Slam Poet and Scholar Adds Lawyer to His Repertoire

By
Gary Shapiro
May 04, 2018

As a slam poet and spoken word artist, Que’Nique Mykte’ Newbill knows how to tell a story. And he’s decided to do that through the language of law.

Newbill, who goes by Que (pronounced like the letter Q), is graduating from Columbia Law School in May, having received an NAACP Legal Defense Fund Earl Warren scholarship, which goes to law students who have the potential to be civil rights and public interest attorneys.

“I decided to pursue law for many reasons,” he said. “But more importantly, I know that my J.D. will enable me to leverage my legal training and knowledge to serve my community in so many ways.”

Newbill has already started. In his second year, he received the Law School’s Irell & Manella Prize for outstanding leadership and good citizenship. In his third, the members of Columbia’s Black Law Students Association voted Newbill the most likely to start a movement on social media. “The goal should always be to help move the needle forward in the right direction,” he said.

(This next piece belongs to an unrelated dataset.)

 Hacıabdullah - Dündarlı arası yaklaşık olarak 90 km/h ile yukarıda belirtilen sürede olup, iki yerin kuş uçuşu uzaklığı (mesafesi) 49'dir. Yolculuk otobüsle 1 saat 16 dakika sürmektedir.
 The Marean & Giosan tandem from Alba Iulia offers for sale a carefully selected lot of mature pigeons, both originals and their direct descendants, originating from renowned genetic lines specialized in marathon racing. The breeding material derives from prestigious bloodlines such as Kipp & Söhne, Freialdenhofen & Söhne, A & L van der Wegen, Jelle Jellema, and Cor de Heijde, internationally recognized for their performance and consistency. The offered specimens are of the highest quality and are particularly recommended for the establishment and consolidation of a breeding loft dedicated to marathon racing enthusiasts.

A native of Atlanta, Que was raised by his single mother in south Georgia. Newbill is the first in his family to go to college, majoring in political science and studying Arabic at Grinnell College in Iowa, where he also won slam poetry contests. After graduating in 2011, he worked at the University of Jordan for a semester that coincided with the Arab Spring. “It was really powerful. You knew you were witnessing an important part of history.”

From 2013 to 2015, he was an advisor to Fulbright students coming from the Middle East to study in the United States. He was a liaison between the Department of State, U.S. Embassy staff and representatives at U.S. universities “The students were among the most talented group that I have ever met. I’m still friends with a lot of them,” he said.

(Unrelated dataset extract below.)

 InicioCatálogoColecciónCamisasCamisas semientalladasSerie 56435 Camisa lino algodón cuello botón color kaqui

During the summer after his first year at the Law School, Newbill worked with the Lawyers’ Committee for Civil Rights in San Francisco, where he participated in a clinic for about a dozen low-income individuals each week that provided legal advice on issues such as housing, discrimination, and small claims. “You truly realize how much work still has to be done,” he said.

And Newbill has done much to see that the advocacy work he’s sees in the world does get done. He has worked with the Broadway Advocacy Coalition, which uses storytelling and artistic performances to raise audience awareness of issues such as immigration, criminal justice, civic engagement, and political participation.

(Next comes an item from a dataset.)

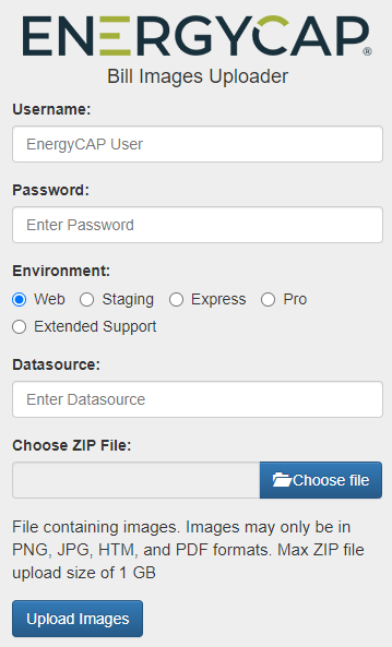 Use your Utility Management credentials and datasource name, to upload files at https://billimages.energycap.com/.

In 2017 he spent an independent semester abroad studying civil rights laws and alternative dispute resolution at the University of Cape Town. He consults at the Ali Forney Center in Harlem, which serves homeless LGBT youth, developing a comprehensive mediation guide for their sites in New York City. And more recently he also has been a research assistant to Columbia Law School Professor Patricia Williams, a renowned expert on race, gender and the law.

After Commencement Newbill will turn his attention to a new and different job at a major law firm. Last summer, he worked at Debevoise & Plimpton LLP, which offered him a position after he graduates.

“Being a lawyer means recognizing many public issues such as education do not always neatly fit within a litigation framework or adversarial context,” he said. “Law school has shown me the ways lawyers can be effective community leaders, mediators, and policy makers.”